U.S. Soldiers prepare Kenyan army to teach counter-IED procedures
A team of U.S. Army soldiers from Combined Joint Task Force-Horn of Africa recently concluded a month-long operation teamed with the Kenyan army to develop a counter-improvised-explosive-device training program for East African militaries.
Drawing on their own experiences and training, the three-man team partnered with soldiers from the Kenyan army to share information with four classes of service members from several East African nations including Kenya, Rwanda, Burundi, Sudan, Comoros and Uganda.
“When we first started, the student instructors didn’t know what the term IED stood for,” said U.S. Army Staff Sergeant Joshua Moore, mission commander. “But by the time we were finished, they were teaching the classes pretty much entirely on their own. We were able to sit back and only assist if needed.”
According to Moore, the initial class was comprised of 20 Kenyan soldiers, eight of whom were selected to remain at the training facility to teach their fellow Africans the curriculum. After the first week, each class was made up of about 45 soldiers from various branches of each nation’s military. Each week also saw the Kenyan instructors leading more of the instruction.
The course, which was held at the Humanitarian Peace Support School in Nairobi, consisted of five days of learning, half of which was spent in an academic environment and the other half conducting practical exercises. Initially, the students learned to identify an improvised explosive device and took an abbreviated first aid course focusing on wounds commonly suffered in IED attacks, Moore said.
As the week progressed, the focus shifted to foot patrols and vehicle-borne operations, IED recognition, reaction procedures and basic demolition.

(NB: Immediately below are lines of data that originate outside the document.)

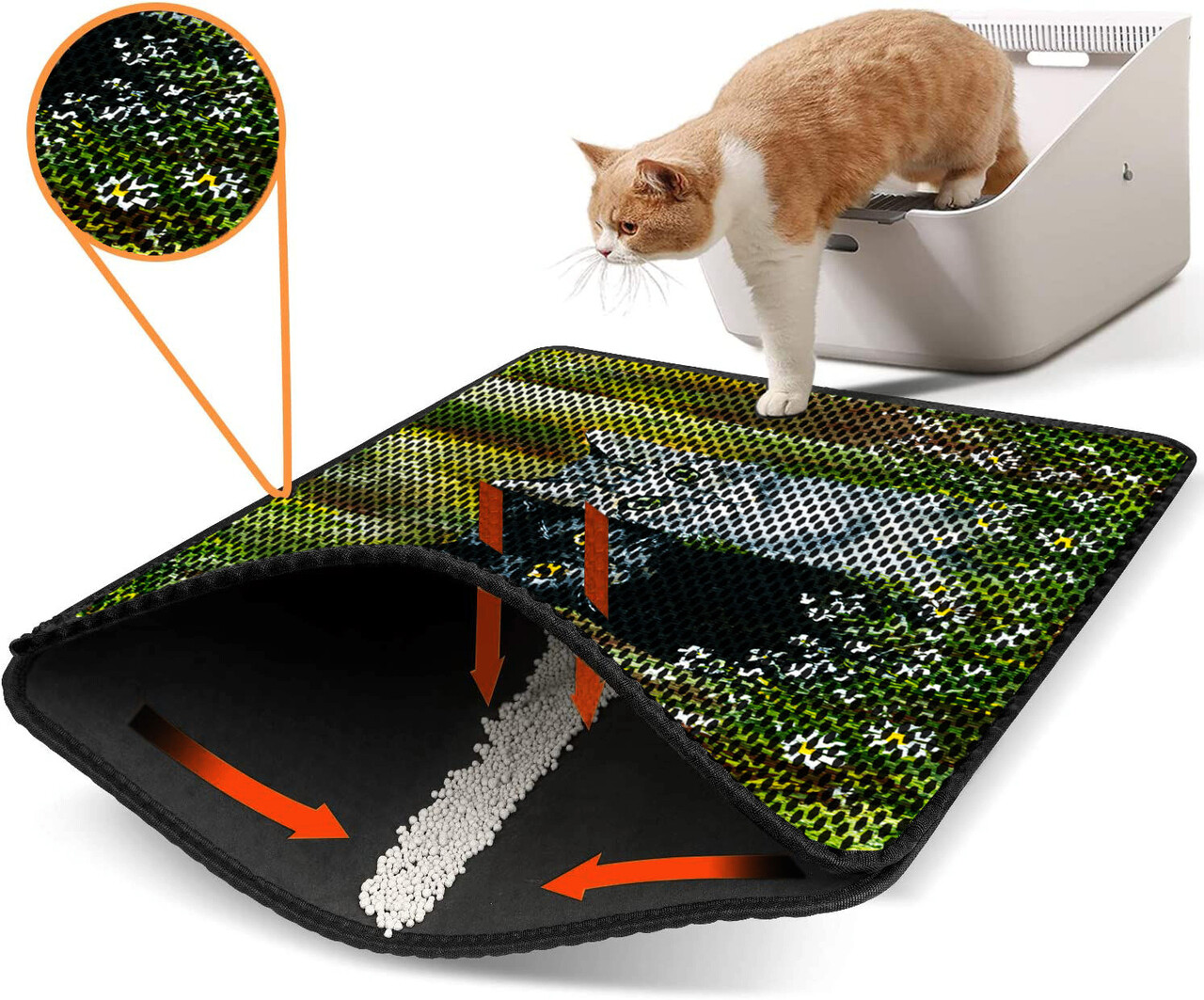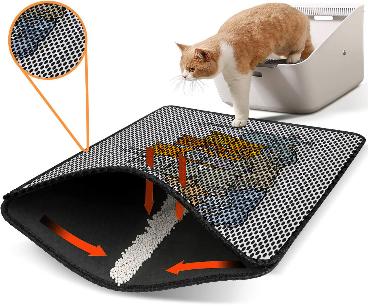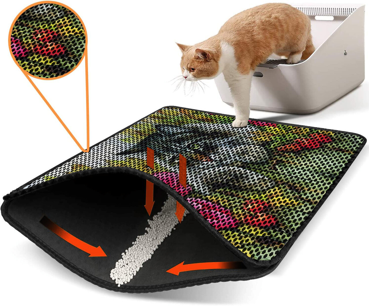 Covoras litiera pentru colectarea granulelor de nisip, Paws & Whiskers, Nrszn0002, 50% PVC/50% poliester, Multicolor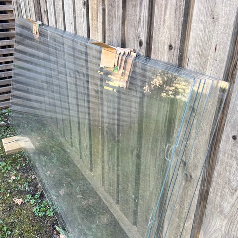 Glaset är i gott begagnat skick (ca 20 år gammalt). Den rejäla tjockleken på 6 mm ger en mycket stabilare och mer hållbar konstruktion än vanligt 3–4 mm växthusglas.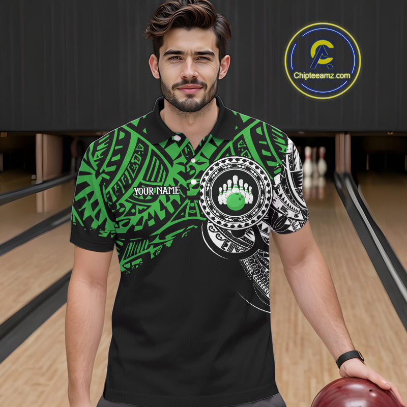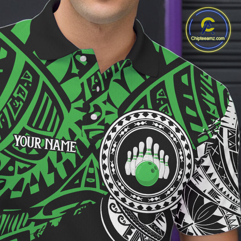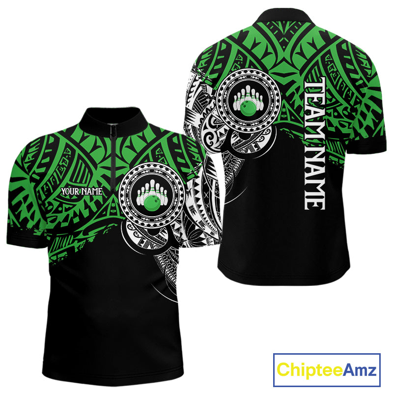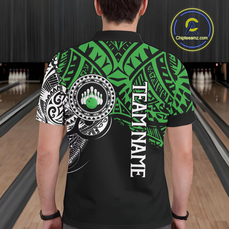 Personalized Black and Green Tribal pattern Mens Bowling Shirts Custom Team Bowling outfit for men NQS10763

As a culmination to the course, the students prepared and employed a small, simple explosive charge.
“The purpose of the demolition was to allow them to see how the skills they learned really do work,” Moore said.
In total 149 African service members had graduated the course. The lessons they learned could potentially save hundreds, if not thousands of lives, Moore said, adding, “In today’s warfare IEDs are becoming a huge threat because they’re extremely cheap and effective. So it’s important for every army to learn counter-IED procedures.”